Skipping a few steps ahead, we end up with a graph that looks like this:

type           name       target        args
-------------- ---------- ------------- --------
input          x          x             ()
input          y          y             ()
input          z          z             ()
call_function  mul_result _operator.mul (x, y)
call_function  add_result _operator.add (mul_result, z)
output         output     output        (add_result,)

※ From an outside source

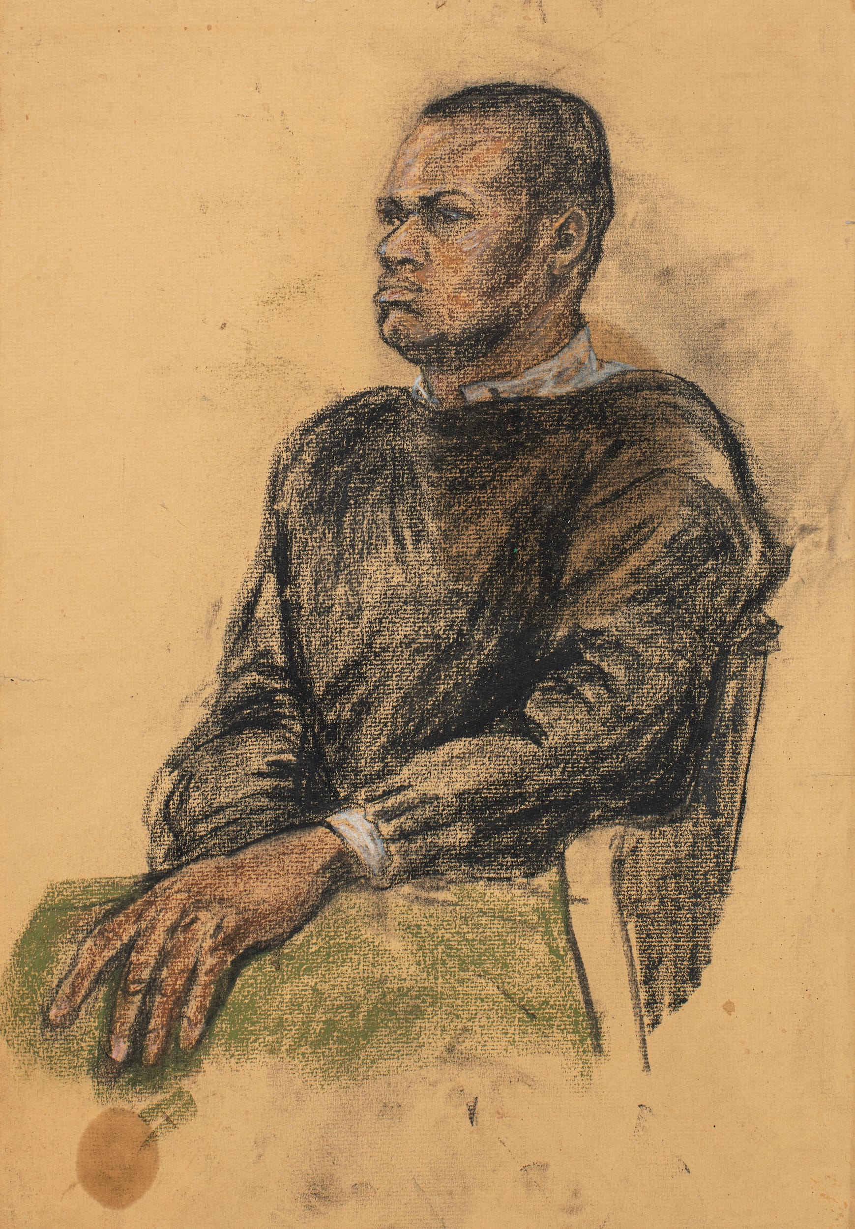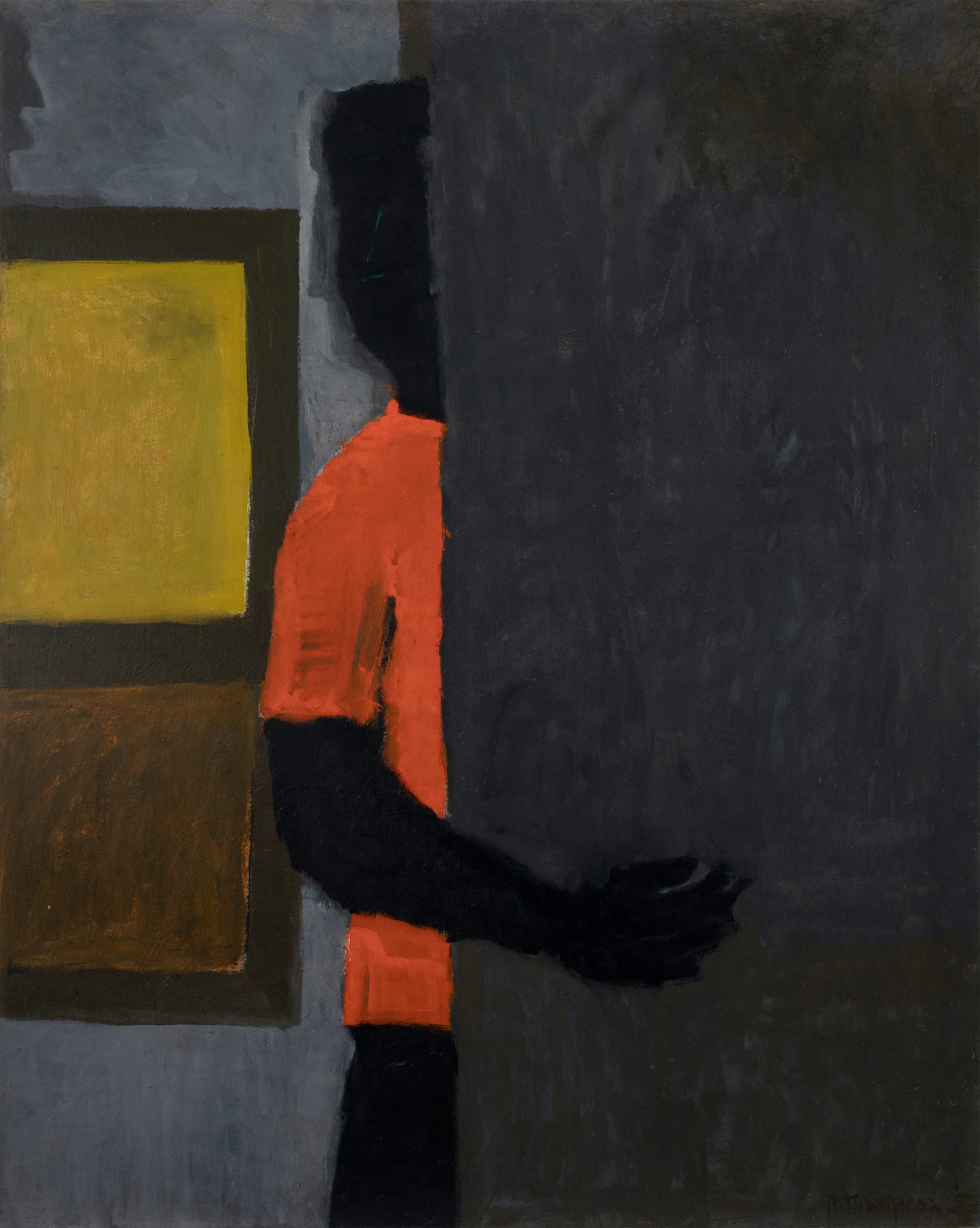 Together, the two shows comprise more than 30 paintings done during every period of Thompson’s short career, along with 11 works on paper (the Michael Rosenfeld Gallery show also includes notebooks, letters, and photographs). If we begin with “Fearful Insider #2” (1958) and the pastel drawing “Self-Portrait” (c. 1958–59), and then consider what changes in “Black Monster” (1959) and “Le Poignarder (the Stab)” (1959) (all at Michael Rosenfeld), after he gets to Provincetown and New York, we can see how quickly and smoothly he moves away from realism, while absorbing and transforming the motif of the anonymous, behatted city dweller from Lester Johnson. Rather than appearing derivative or appropriative, Thompson seems supremely confident. He is sure that he can make something with which he engages into his own, and he is not wrong.

An astute reader might notice that in order to build the IR graph above, we need to actually invoke the fma function. And to do that, we need to pass in inputs with the correct types to the function. We can simply add type annotations to our fma function, and generate fake inputs to invoke the function:

def fma (x: float, y: float, z: float) -> float:
    """
    Perform a fused multiply-add.
    """
    return x * y + z

Lowering to Native Code

Now the real fun begins! With our IR graph and annotated input types, we start the process of lowering the IR graph into native code. Let's take the first operation in the graph, x * y:

We can write (*ahem* generate) a corresponding implementation of the _operator.mul operation in native code. For example, here's a C implementation:

float _operator_mul (float x, float y) {
    return x * y;
}

Notice that because of the return type of the native implementation above, the type of mul_result is now constrained to be a float. Zooming out, this means that given inputs with known types (i.e. from type annotations in Python) along with a native implementation of a Python operation, we can fully determine the native type of the operation's outputs. By repeating this process to subsequent operations in our IR graph, we can propagate native types through our entire Python function:

We can now cross-compile this native implementation for any platform we want (WebAssembly, Linux, Android, and much more). And that's how we get Python to run as fast as Rust—and run everywhere!

Compiling the Function

Let's use Function to compile the fma function based on the above process. First, install Function for Python:

# Run this in Terminal
$ pip install --upgrade fxn

Next, decorate the fma function with @compile:

from fxn import compile

@compile(
    tag="@yusuf/fma",
    description="Fused multiply-add."
)
def fma (x: float, y: float, z: float) -> float:
    """
    Perform a fused multiply-add.
    """
    return x * y + z

To compile a function with Function, use the @compile decorator.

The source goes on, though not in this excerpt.